Killing Them Softly Really, Really Dark

Brad Pitt stars in cerebral gangster film
By Matt Cantor,  Newser Staff
Posted Nov 30, 2012 8:11 AM CST

Killing Them Softly, starring Brad Pitt as a jaded gangster, is a seedy tale of hopelessness in a world of theft, revenge, and plenty of violence. It's a worthwhile watch, though it doesn't quite achieve its goals:

  • With "elements of Scorsese's grime and Tarantino's wit," the film is "nothing new, but it’s smartly done," writes Peter Howell in the Toronto Star. It's "a deeply cynical movie, with not much to say but a lot to feel. Everything sinks into your bones."

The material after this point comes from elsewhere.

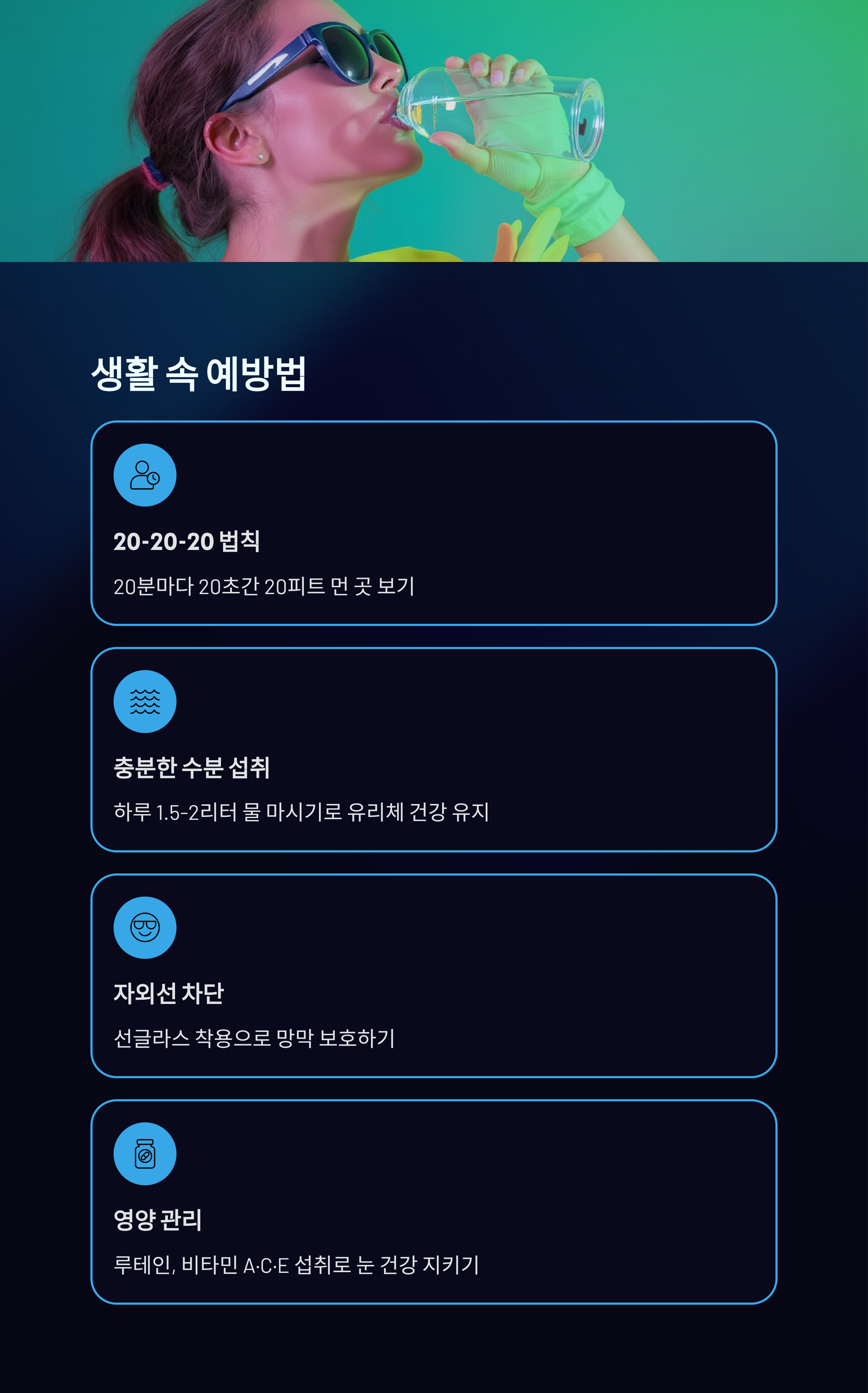 둘째, 적절한 수면과 수분 섭취도 중요해요. 수분이 부족하면 눈 속 유리체의 점성이 변해 부유물이 생기기 쉬워요. 하루에 물을 1.5~2리터 마시는 습관은 눈에도 좋아요.

  • The film offers an "agreeably scuzzy, small-time feeling," notes AO Scott in the New York Times. But it's "sapped of vitality by its own self-conscious, curatorial fastidiousness. It takes place entirely in a universe of tropes and archetypes, which is a polite way of saying clichés and pretensions."
  • At Salon, Andrew O'Hehir didn't exactly "enjoy" the movie, but then, it's "a deliberately chilly and nerve-wracking experience, and one of the bleakest portraits of American society seen on-screen in the last several decades," he writes. Indeed, it "suffers from a nearly terminal case of undergraduate nihilist philosophy ... reaching for grand existential meaning and not quite getting there."
  • At USA Today, Claudia Puig is less equivocal, calling the film "a stylish thriller worth seeing—despite its relentless violence—for its sharp dialogue, mesmerizing photography, and gritty performances."